Власть нужна и священна, но злоупотреблениями своими власть ослабляется гораздо больше, нежели свободными суждениями об ее действиях. Злоупотребления не скроешь от тех, кого они касаются. Увидя их, например, на сцене, страдающие разве увидят что-нибудь для них новое? Нет, указание злоупотреблений может послужить пособием власти, которая, принимая оное к сведению, подвергая гласности, сложит тем с себя часть вины, докажет свою благонамеренность и вместе твердость. А без гласности, разумеется, в пределах благоразумной осторожности, всякая ложь, неправда, обман получают право гражданства в государстве, чему пример и доказательство мы видим в наших официальных отчетах, по которым Россия благоденствует, Россия на деле алчущая, жаждущая, тоскующая, не знающая, что делать со своими силами, расточающая блудно Божии дары.
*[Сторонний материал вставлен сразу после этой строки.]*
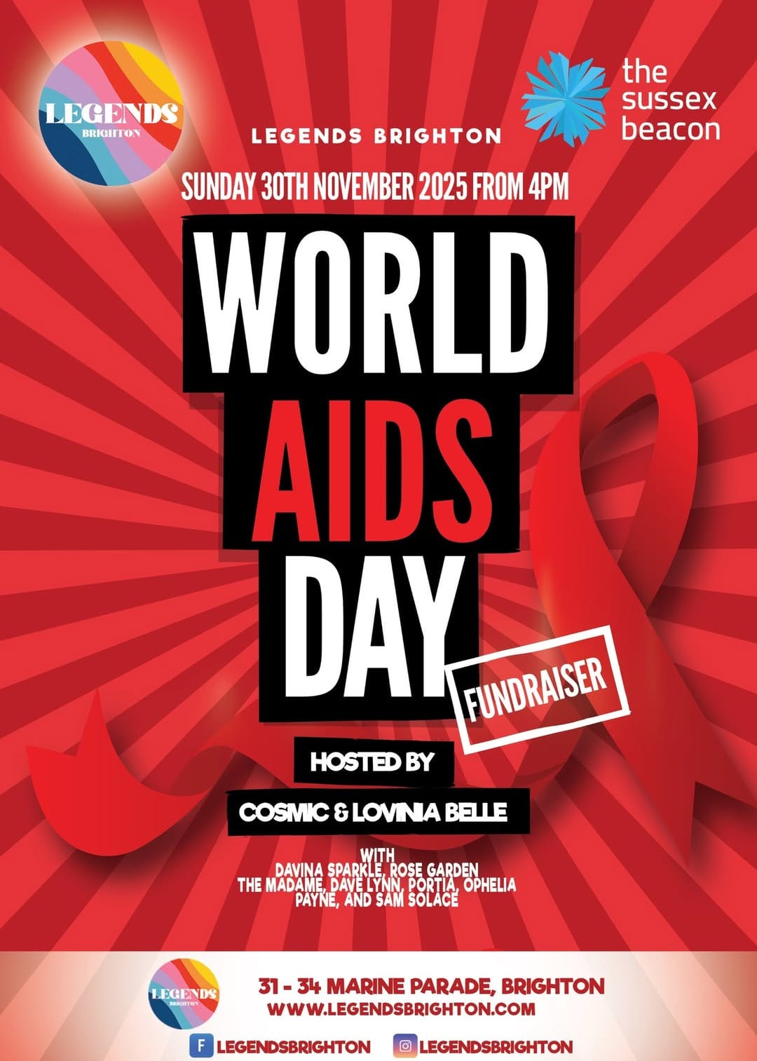 Legends Brighton's World AIDS Day fundraiser on Sunday, 30 November will raise funds for local LGBTQ+ charity, the Sussex Beacon.

Невежи славят ее тишину, но эта тишина - кладбища гниющего и смердящего физически и нравственно. Нет! О такой тишине невыгодно отзовется беспристрастная история! Рабы славят ее порядок. Нет! Такой порядок поведет ее к несчастью, не к славе, а в пропасть!
Государь, очарований блестящими отчетами, не имеет верного понятия о настоящем положении России. Став на высоту недосягаемую, он не имеет средств ничего слышать: никакая правда до него достигнуть не смеет, да и не может; все пути выражения мыслей закрыты, нет ни гласности, ни общественного мнения, ни протеста, ни контроля.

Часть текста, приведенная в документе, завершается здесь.